After trying to get what I felt was pretty good coverage over the whole surface, I used a few feet of the monofilament line weaved in and out of the wall to close it up. Keep the line tight to keep the screening against the mesh, but not so tight that it bends the mesh. There was no really pattern to where I went in and out on the grids. I went down one side, across the bottom, then zigzagged through the middle and finished across the top.









The knot on the backside of the grid pulling the two ends of the monofilament line together.









I need to pick up another package of those magnets, hence I'm using my FloatMag to hold the back magnets, but you can see how I've been able to keep the moss wall completely flush against the glass. This is exactly what I wanted.









In hindsight, the bottom didn't go as far below the substrate line as I has thought. It's not a big deal since most of that bottom gap will be covered by other plants and the moss will eventually creep down that way.









Next will be the xmass moss wall on the opposite side, but the moss won't arrive for a few days. I might also cover the filter intake pipe in moss ala-Shalu since the light blue of the XP1 filter really sticks out. So for now...we wait!


----------



## Troy McClure (Feb 22, 2004)

Safado -
Thanks for the kind words.

With the thickness of the glass, the rigid mesh, and the silicone, these don't "snap" together anymore. There shouldn't be a problem using these with acrylic, however I usually err on the side of caution. These small magnets work very very well for a 10gal, however the larger ones may be needed for larger tanks with thicker glass/acrylic.

Also, I've used java moss on this first wall simply because I have a ton of it floating in the 85gal. I'll be getting some xmas moss early this coming week and will make the other side's moss wall out of that. Whichever I like best, I'll duplicate it on the other side. My guess is that the xmas moss will turn out the best. I don't know of any other issues with java moss. It's just a moss with a slightly different color and structure from the others.
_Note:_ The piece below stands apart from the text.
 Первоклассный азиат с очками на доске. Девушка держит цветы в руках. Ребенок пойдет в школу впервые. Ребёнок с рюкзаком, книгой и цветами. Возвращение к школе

While slow, it seems to grow well in my tanks, which is just fine with me.


----------



## Wasserpest (Jun 12, 2003)

I have done something very similar in my 10gal. Instead of the window screening, I used a double layer of the plastic grid from WM. I used clear (sort of transparent) grid, which doesn't really matter, black or green or what, it will be covered up soon enough. Instead of suckers or magnets, I cut it to the size of the back, and pushed it a little into the substrate and underneath the tank rim. 
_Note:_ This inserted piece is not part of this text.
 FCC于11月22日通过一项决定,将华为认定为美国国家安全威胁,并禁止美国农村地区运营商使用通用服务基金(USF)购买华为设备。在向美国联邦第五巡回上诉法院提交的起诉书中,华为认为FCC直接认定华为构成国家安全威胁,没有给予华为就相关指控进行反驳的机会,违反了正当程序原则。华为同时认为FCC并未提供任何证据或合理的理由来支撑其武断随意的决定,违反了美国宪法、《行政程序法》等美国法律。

First attempt with Java moss worked, but the way Java moss grows it wasn't too nice. So I took it out and replaced it with Christmas moss, which looked much better and is easier to keep neat. Java moss needs a haircut weekly...

After a while I got bored with the solid green background (it went against the "Mountainscape" theme...) and I took it out. I left some moss in the back, and by now I have my solid green Christmas moss wall back, without any support... I just trim it and it stays in place, held by some Windelov ferns that grow in front of it. 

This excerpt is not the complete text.